There was not only filming, there was other work, too. For example, every single cable from the window in the left picture goes to a sensor which must be attached to the structure. This was made by Ogawasan and me.

Or, I will never forget how we had to collect trash pieces of the ground on the test site. For an hour at this freezing cold and wet day, I was looking at the ground for tiny pieces of trash. I understand that you want to have your area clean. But there are good moments to do such jobs and bad ones. I would have chosen any other moment.

Sometimes, I realize that Japanese people don’t have the same choices we use to have.

Nevertheless, this day was over once. And the longer time passes, the more only good memories remain.

Please enjoy the above mentioned show. This is still only my work, do not expect too much…

By the way, the picture at the top of the post is from Nagaoka, where another experiment is going. That one’s about avalanche protection structures. The house in the picture is the snow and ice research center of Japan. The main reason to show this picture is to keep myself motivated for the work outside in winter. And it’s a nice header for this post, too.

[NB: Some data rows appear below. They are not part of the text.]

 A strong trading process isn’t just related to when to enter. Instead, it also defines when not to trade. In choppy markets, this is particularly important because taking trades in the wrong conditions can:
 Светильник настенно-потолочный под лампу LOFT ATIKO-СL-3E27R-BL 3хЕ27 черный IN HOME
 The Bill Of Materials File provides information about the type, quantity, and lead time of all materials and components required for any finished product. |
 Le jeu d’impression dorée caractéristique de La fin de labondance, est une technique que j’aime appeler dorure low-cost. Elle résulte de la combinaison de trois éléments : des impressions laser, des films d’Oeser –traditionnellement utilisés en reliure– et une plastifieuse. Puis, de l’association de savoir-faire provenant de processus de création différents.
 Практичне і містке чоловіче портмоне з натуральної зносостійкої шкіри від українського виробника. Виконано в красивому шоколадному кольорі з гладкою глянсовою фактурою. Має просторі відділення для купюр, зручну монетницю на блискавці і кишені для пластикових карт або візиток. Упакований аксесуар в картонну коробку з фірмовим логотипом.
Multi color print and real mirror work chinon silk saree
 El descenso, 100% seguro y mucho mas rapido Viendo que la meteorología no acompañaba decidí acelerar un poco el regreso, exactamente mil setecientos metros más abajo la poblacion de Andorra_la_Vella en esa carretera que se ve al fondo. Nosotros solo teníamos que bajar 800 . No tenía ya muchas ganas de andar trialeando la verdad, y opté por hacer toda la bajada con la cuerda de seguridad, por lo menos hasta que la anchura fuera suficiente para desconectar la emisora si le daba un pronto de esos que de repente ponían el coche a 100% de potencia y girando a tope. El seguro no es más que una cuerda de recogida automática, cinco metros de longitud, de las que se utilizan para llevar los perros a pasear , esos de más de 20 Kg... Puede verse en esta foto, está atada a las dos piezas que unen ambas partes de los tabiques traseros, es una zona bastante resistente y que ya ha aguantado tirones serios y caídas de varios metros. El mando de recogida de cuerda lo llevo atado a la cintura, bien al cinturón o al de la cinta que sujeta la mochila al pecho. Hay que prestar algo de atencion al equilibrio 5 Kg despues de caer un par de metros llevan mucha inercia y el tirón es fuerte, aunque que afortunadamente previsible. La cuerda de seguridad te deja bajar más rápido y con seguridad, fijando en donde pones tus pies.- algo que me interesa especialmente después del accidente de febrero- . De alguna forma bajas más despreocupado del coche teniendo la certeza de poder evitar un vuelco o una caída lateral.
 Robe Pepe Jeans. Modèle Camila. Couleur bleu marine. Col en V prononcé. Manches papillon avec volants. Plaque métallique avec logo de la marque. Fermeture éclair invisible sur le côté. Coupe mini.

4 Responses to “let’s go outside and play”

  1. tom Says:

    und du warst jetzt echt IN dieser kugel? ist ja krass!

    • chrigusan Says:

      Ja schon. Habe aber es leider nicht gewagt die Luke der Kugel zu öffnen um in die Kamera zu Winken. Das wäre doch zu krass gewesen… ausserdem auch überhaupt nicht wissenschaftlich!

      • Simu Says:

        Wahnsinn 😉 Habt ihr die Kugel eigentlich aus Dänemark nach Japan geholt. Sie wirkt irgendwie so dänisch auf mich. Obwohl mir dann nicht ganz klar ist, wo die Verbindung zwischen dem flachen Dänemark und Felsstürzen oder Lawinen ist. Komische Welt.

      • chrigusan Says:

        ah endlich versteh ich’s. Habe wohl den Humor der Japaner angenommen und verstehe keine Sprüche mehr…

        Der Grund ist aber, dass der horizontale Streifen die Kugel schneller macht (wie bei den alten Rennautos). Der vertikale ist nur Show; oder war’s doch ein däne ^^

        Viel Glück mit den Prüfungen!